Task goal
For this exercise, retype each line of the material below verbatim and omit any picture.

== Recorded information

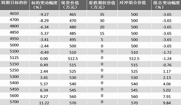 7月2日白糖现货报价为5125元/吨,最接近平值期权的行权价为5100元/吨,买进100张SR1909-P-5100,支付权利金115.5×100×10,即11.55万元,合计资金为512.5万元加上11.55万元,共524.05万元。权利金占总金额的比例为2.20%。从表6可以看出,当糖价下跌时,买进看跌期权进行保险后的对冲组合变动幅度低于现货变动幅度,最大损失为2.68%。之所以最大损失大于权利金占比是因为下跌的保险起点是5100元/吨,而不是5125元/吨,这中间有25元/吨的价格风险没有被保护。
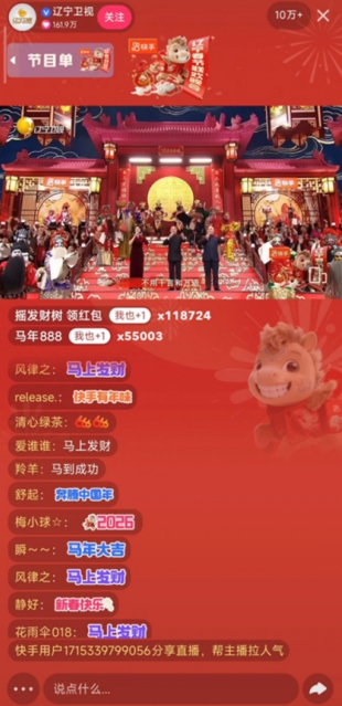 快手有年味,奔腾中国年。作为《2026辽宁春晚》冠名方,快手不仅为晚会营造围炉夜话般的亲切感,助力辽韵风华走向全国观众的心灵深处;还通过“专属红包雨”等大小屏互动玩法,把热闹欢腾从声光电舞台延伸到了天南海北。当天,@辽宁卫视 快手直播间观看人次达2.55亿,收获全网热搜817个,成为除夕前夜的人气聚集地。
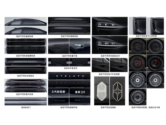 同时在轮毂样式上,新款享界S9新增了享界S9T上的多辐星炫轮毂,而且从工信部数据我们可以看到,新款享界S9还会与享界S9T一样,提供黑曜套件可选,全车外观各方面黑化处理并搭配红色刹车卡钳,气质更年轻。还新增了车外麦克风,可在车外语音呼叫小艺,也可以将车内声音传到车外,起到很好的提示作用。

====

Exercise response
 7月2日白糖现货报价为5125元/吨,最接近平值期权的行权价为5100元/吨,买进100张SR1909-P-5100,支付权利金115.5×100×10,即11.55万元,合计资金为512.5万元加上11.55万元,共524.05万元。权利金占总金额的比例为2.20%。从表6可以看出,当糖价下跌时,买进看跌期权进行保险后的对冲组合变动幅度低于现货变动幅度,最大损失为2.68%。之所以最大损失大于权利金占比是因为下跌的保险起点是5100元/吨,而不是5125元/吨,这中间有25元/吨的价格风险没有被保护。
 快手有年味,奔腾中国年。作为《2026辽宁春晚》冠名方,快手不仅为晚会营造围炉夜话般的亲切感,助力辽韵风华走向全国观众的心灵深处;还通过“专属红包雨”等大小屏互动玩法,把热闹欢腾从声光电舞台延伸到了天南海北。当天,@辽宁卫视 快手直播间观看人次达2.55亿,收获全网热搜817个,成为除夕前夜的人气聚集地。
 同时在轮毂样式上,新款享界S9新增了享界S9T上的多辐星炫轮毂,而且从工信部数据我们可以看到,新款享界S9还会与享界S9T一样,提供黑曜套件可选,全车外观各方面黑化处理并搭配红色刹车卡钳,气质更年轻。还新增了车外麦克风,可在车外语音呼叫小艺,也可以将车内声音传到车外,起到很好的提示作用。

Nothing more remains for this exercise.